▶ [What is required]: An exact copy is required of every line from the one with "Outsourcing your PSD" through the end of the data below, and the pictures must stay out of it.

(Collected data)

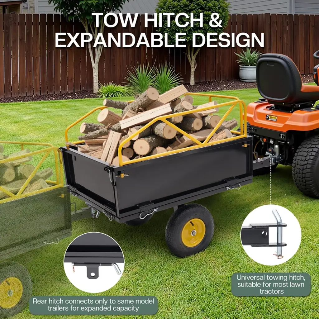 Make yard work faster and less tiring with the Garden Utility Trailer — a rugged 500 lb / 12 cu. ft. tow-behind cart built for real outdoor jobs. Its reinforced steel bed and removable side rails give you stable, flexible hauling for branches, mulch, tools, or firewood; the rear-mounted hitch lets you connect additional trailers of the same model to expand your load in minutes; a one-pull dump and handy front handle make solo unloading and hookup effortless; and 13" pneumatic all-terrain tires roll smoothly over grass, gravel, mud, or light snow. Durable, versatile, and easy to store — the perfect addition to your tractor, ATV, or lawn gear to get more done with less strain.
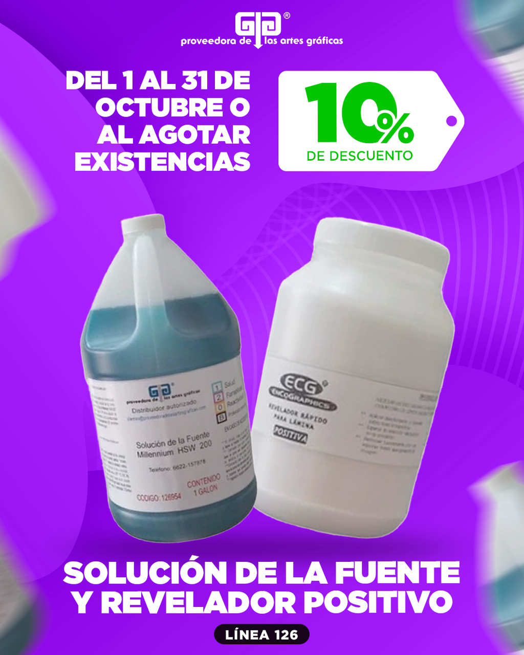 Consulte en la web por medio del buscador, SOLUCION DE LA FUENTE MILLENIUM y Revelador para placa positiva y este mes de octubre 2025 llévelos con un 10% de descuento.
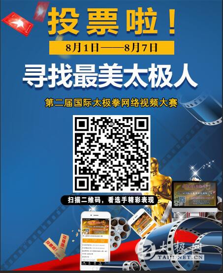 8月1日至8月7日,全球太极拳爱好者每天都可以亲手为您心目中的“最美太极人”和“最美太极人团队”投上您支持的一票 第二届国际太极拳网络视频大赛的主办单位: 焦作市非物质文化遗产保护中心 温县体育局 温县武术协会
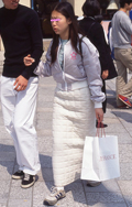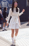 ホワイトの無地のボトムスすべて。パンツもスカートもキュロットも含む。また、白いコートなどでその下のスカートなどが見えない場合も含む。
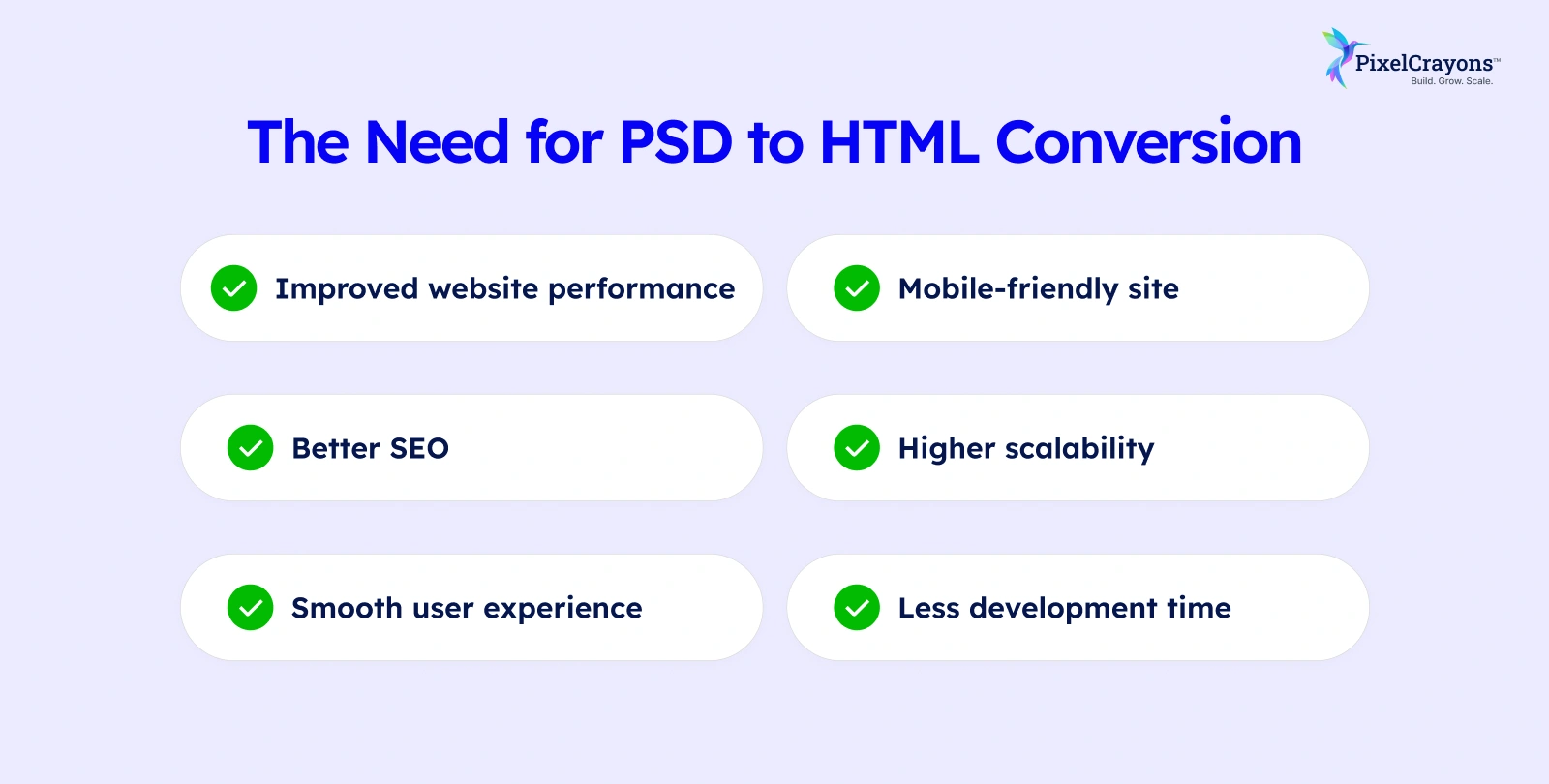 Outsourcing your PSD to HTML conversion project to PixelCrayons provides many benefits, such as:
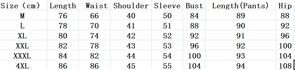 | 4XL | 86 | 86 | 45 | 55 | 104 | 94 | 108 |
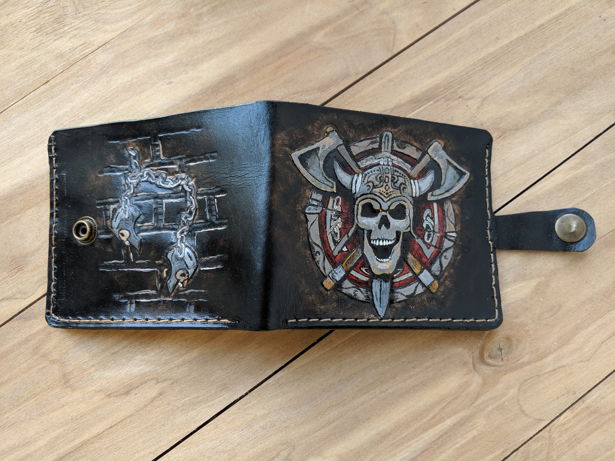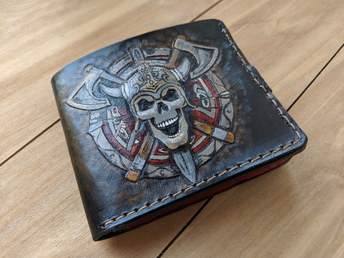 Handmade leather wallet with embossed Viking warrior skull and skeleton design. Featuring Norse-inspired detailing, this rugged bifold captures the spirit of battle, bravery, and ancient warrior legacy. Crafted from genuine leather, it blends gothic boldness with Viking mythology—ideal for fans of Norse culture, skull art, and fearless style. A powerful gift for modern-day warriors, history buffs, and lovers of Viking-themed gear.
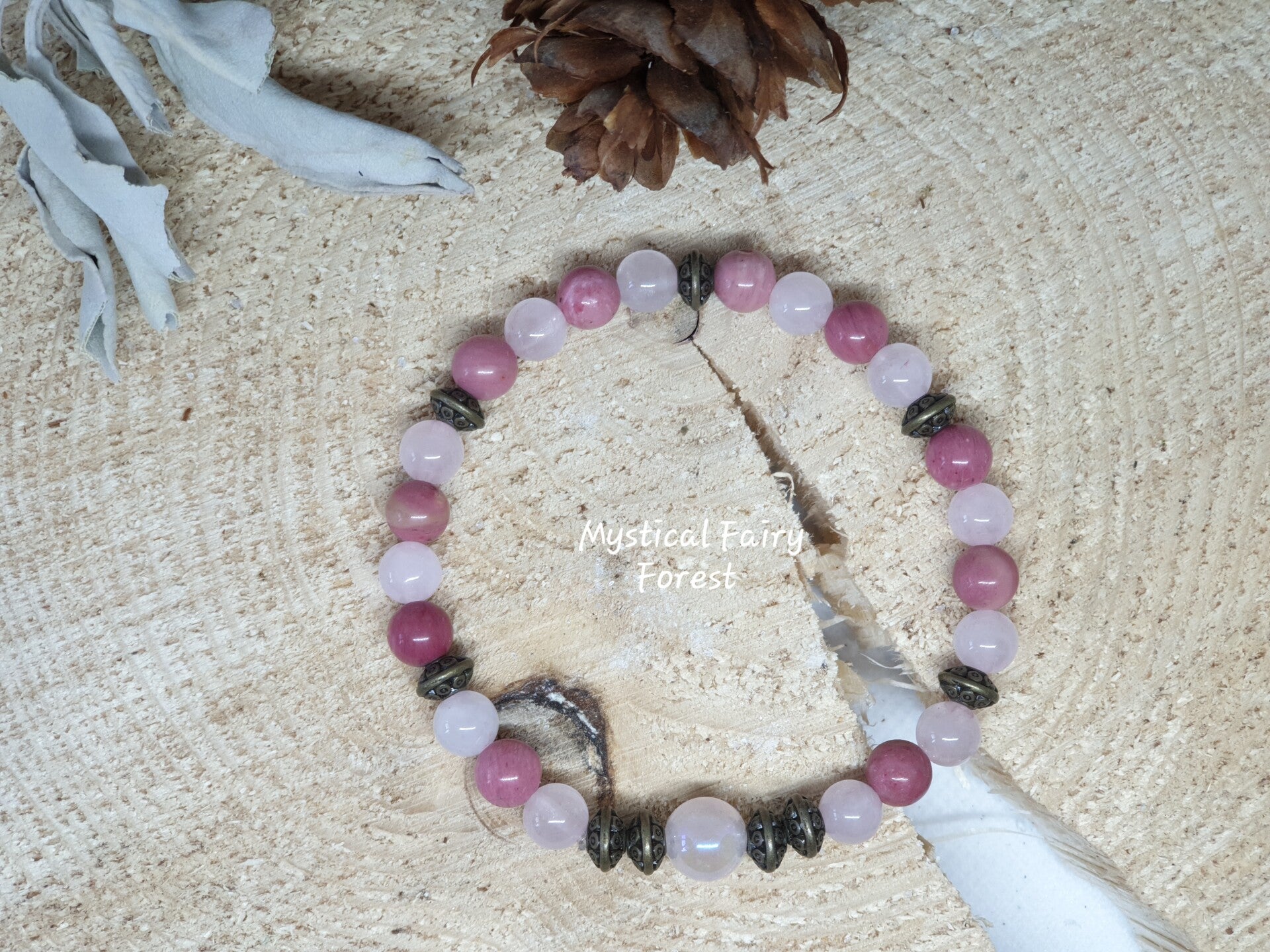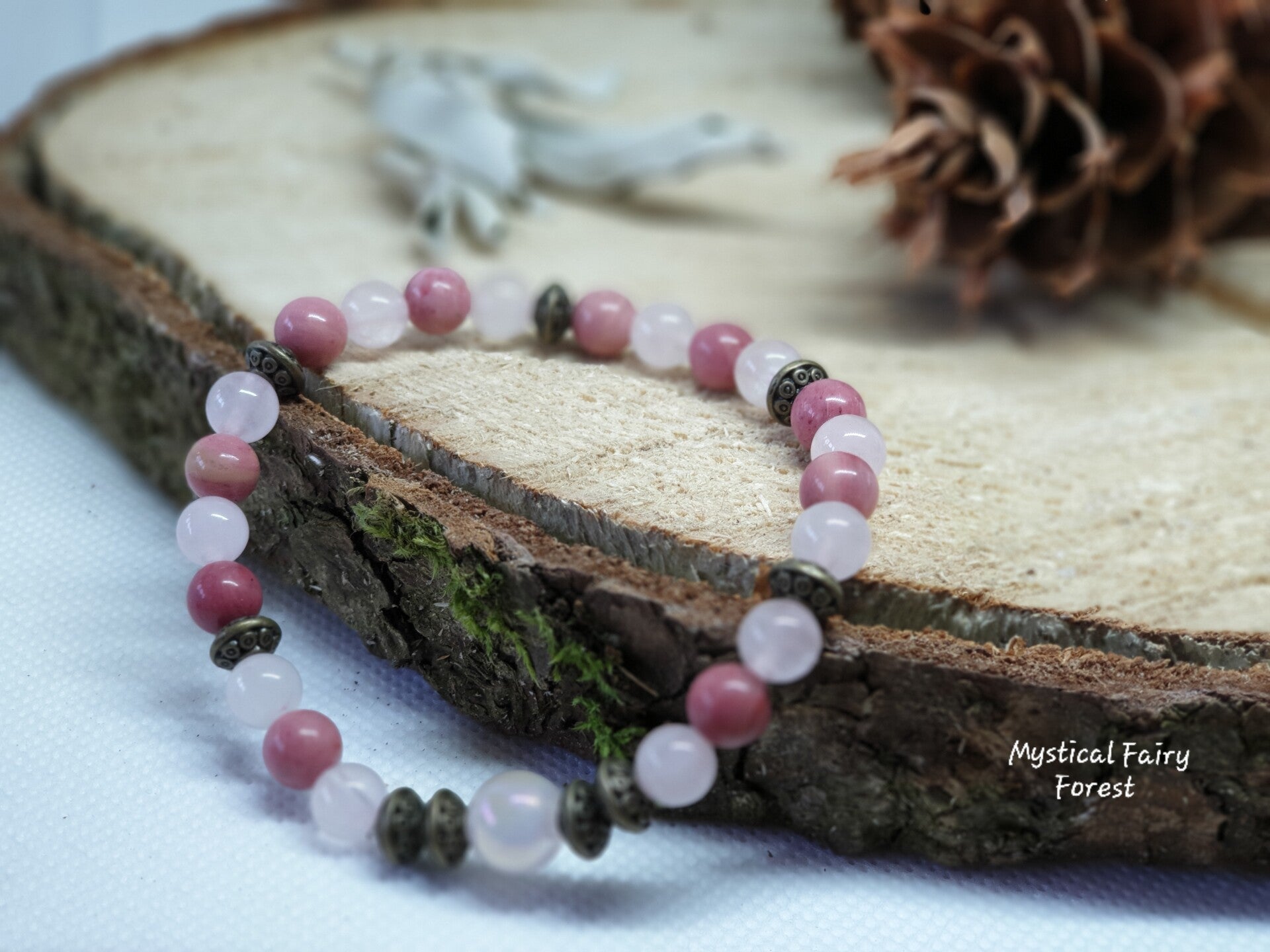 Bracelet "Abondance Amour" Rhodonite, Quartz rose, Quartz Aqua Aura

▶ [Problem solution]:
 Outsourcing your PSD to HTML conversion project to PixelCrayons provides many benefits, such as:
 | 4XL | 86 | 86 | 45 | 55 | 104 | 94 | 108 |
 Handmade leather wallet with embossed Viking warrior skull and skeleton design. Featuring Norse-inspired detailing, this rugged bifold captures the spirit of battle, bravery, and ancient warrior legacy. Crafted from genuine leather, it blends gothic boldness with Viking mythology—ideal for fans of Norse culture, skull art, and fearless style. A powerful gift for modern-day warriors, history buffs, and lovers of Viking-themed gear.
 Bracelet "Abondance Amour" Rhodonite, Quartz rose, Quartz Aqua Aura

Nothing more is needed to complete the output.